In Gruppen standen sie vor den Kunstglaswänden und blickten hindurch. Sie mußten blinzeln, denn der Innenraum war mit grellem Licht erfüllt – es kam von den Weißlichtstrahlern, die ein regelmäßiges Punktnetz an der Decke bildeten. Die unangenehme Helle lag wie Staub über der Landschaft, die man drinnen aufgebaut hatte und pflegte: Steinwege führten zwischen Gras und Blumen hindurch, dazwischen stand gelegentlich ein Busch oder ein Baum – aber so, daß er die Sicht nicht verdeckte. Da und dort sah man seltsame, behaarte, vierbeinige Tiere; sie kauerten am Boden oder liefen müde die Glaswand entlang. Am unheimlichsten aber waren doch die eigentlichen Bewohner der Anlagen: menschliche Geschöpfe mit blasser, weißlicher Haut, weit geöffneten Augen und Nasenlöchern, schlanken, zerbrechlichen Händen. Sie trugen dieselben Kleider wie die Besucher außerhalb der Wände, aber es sah unpassend aus, ja obszön.

»Sind das wirklich Menschen wie wir?« fragte ein kleines Mädchen und klammerte sich an den Ärmel des Vaters.

»Es stimmt – es sind Menschen. Oder vielmehr: Sie waren es. Sie stammen von denselben Urahnen ab wie wir. Früher waren wir ihnen ähnlicher, es hat viele Generationen gedauert, bis die Unterschiede so groß wurden. Eigentlich weiß niemand, wieso es dazu kam.«

Sie schwiegen wieder und starrten hinein. Manchmal kam eine dieser Karikaturen eines Menschen von der anderen Seite an die Glaswand heran und blickte ihnen ins Gesicht … die draußen Stehenden traten unwillkürlich einen Schritt zurück. Diese Gesichter waren schwer zu beschreiben – menschlich und doch anders. Die Haut sah verletzlich aus, durchsichtig. Man sah das Weiße in den Augäpfeln. Waren sie intelligent? Waren sie gefährlich?

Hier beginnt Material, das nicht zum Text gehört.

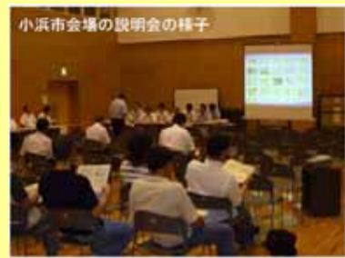
住民説明会(小浜市)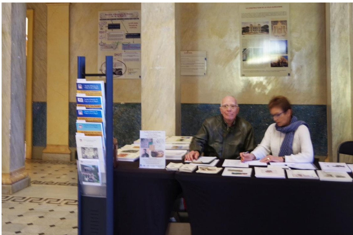
Le stand SHFR

Das Mädchen versteckte sich hinter den Eltern. Es kam erst wieder hervor, als sich keines der unheimlichen Geschöpfe mehr in der Nähe befand.

»Warum sperrt man sie ein? Was geschieht, wenn sie ausbrechen?«

»Sie können nicht ausbrechen«, erklärte der Vater. »Sie atmen eine andere Luft, was sie essen, muß künstlich gereinigt werden. Alles, was sie brauchen, wird sterilisiert; man reicht es ihnen durch luftdichte Schleusen. Nur im Innern sind sie lebensfähig. Außen würden sie umkommen.«

Eine Bewegung ging durch die Gaffenden: Ein ganzes Rudel der fremdartigen Geschöpfe lief durch das Gehege und verschwand in einem der Gebäude, die man für sie gebaut hatte. Sie waren so eng eingerichtet, daß sich ihre Bewohner nicht dauernd darin aufhalten konnten; und doch versuchten sie sich oft lange Zeit hindurch in irgendwelchen Winkeln zu verkriechen – und sich den Blicken der Besucher zu entziehen.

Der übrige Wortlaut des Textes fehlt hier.